The resolution itself can take place in the client's browser (using a software plug-in), in a proxy server, or in a central, dynamic server. Resolving from the client's PC, e-book reader, or PDA has the advantage of being able to respond to the user's specific condition (location, time of day, etc.). No plug-in is required when a proxy server HTTP is used - but then the DOI becomes just another URL, embedded in the page when it is created and not resolved when the user clicks on it. The most user-friendly solution is, probably, for a central server to look up values in response to a user's prompt and serve her with cascading menus or links. Admittedly, in this option, the resolution tables (what DOI links to what URL's and to what content) is not really dynamic. It changes only with every server update and is static between updates. But this is a minor inconvenience. As it is, users are likely to respond with some trepidation to the need to install plug-ins and to the avalanche of information their single, innocuous, mouse click generates.

The DOI Foundation has compiled this impressive list of benefits - and beneficiaries:

"Publishers to enable cross referencing to related information, control over metadata, viral distribution and sales, easy access to content, sale of granular content

Consumers to increase value for time and money, and purchase options

Distributors to facilitate sale and distribution of materials as well as user needs

Retailers to build related materials on their sites, heighten consumer usability and copyright protection

Conversion Houses/Wholesaler Repositories to increase access to and use of metadata

DRM Vendors/Rights Clearing Houses to enable interoperability and use of standards

Data Aggregators to enable compilation of primary and secondary content and print on demand

Trade Associations facilitate dialog on social level and attend to legal and technical perspectives pertaining to multiple versions of electronic content

eBbook software Developers to enable management of personal collections of eBooks including purchase receipt information as reference for quick return to retailer

Content Management System Vendors to enable internal synching with external usage

Syndicators to drive sales to retailers, add value to retail online store/sales, and increase sales for publishers"
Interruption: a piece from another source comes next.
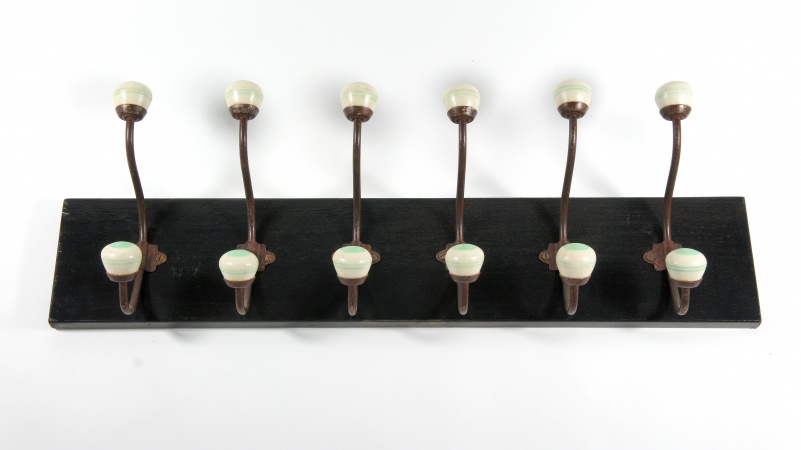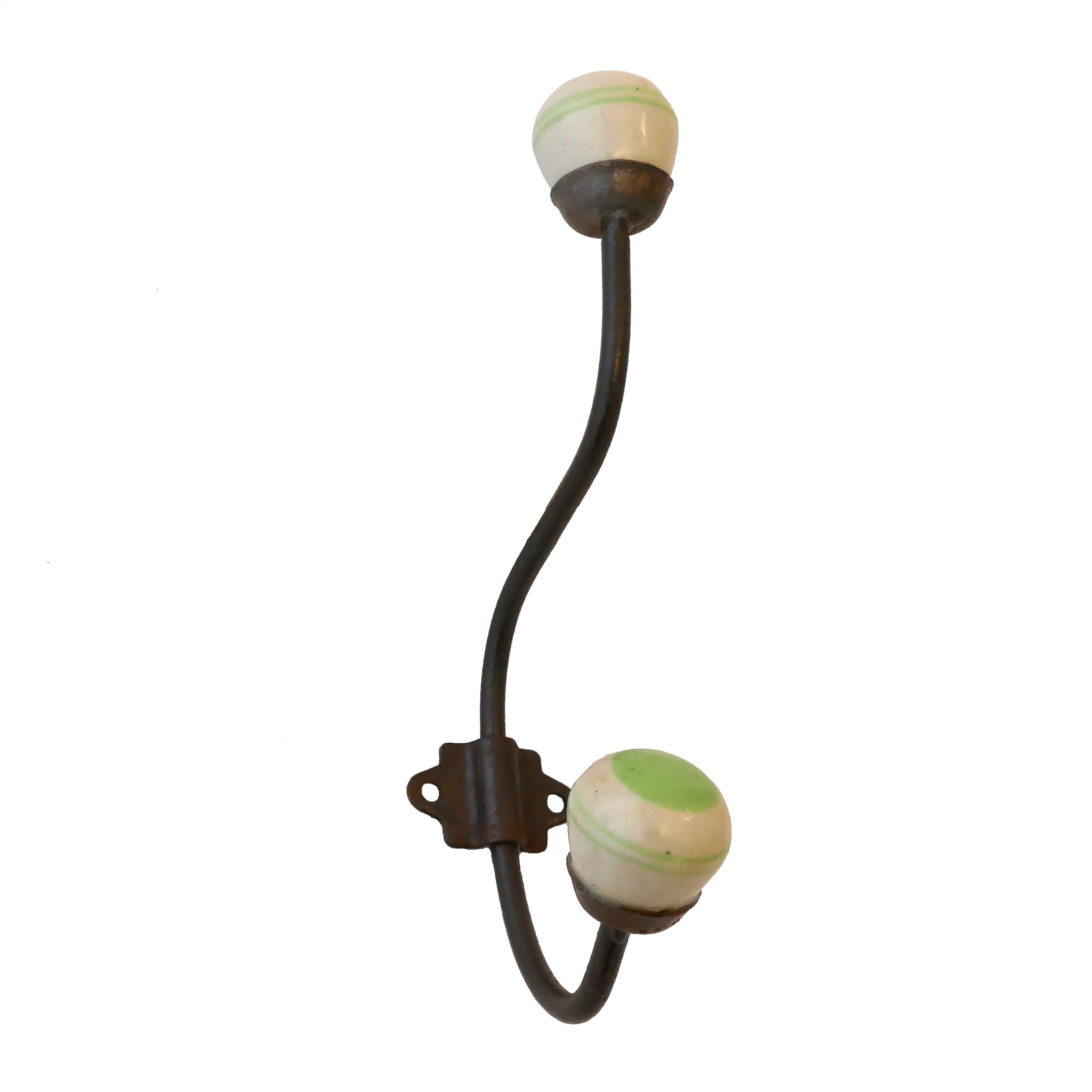 Vertikal doppelt verwendbarer Garderobenhaken mit grün-weißem Porzellankopf in Eisen antik für den Innenbereich.

The DOI is assigned to publishers by Registration Agencies (of which there are currently three - CrossRef and Content Directions in the States and the aforementioned Enpia Systems in Asia). It is already widely used to cross reference almost 5,000 periodicals with a database of 3,000,000 citations. The price is steep - it costs a publisher $200 to get a prefix and submit DOI's to the registry. But as Registration Agencies proliferate, competition is bound to slash these prices precipitously.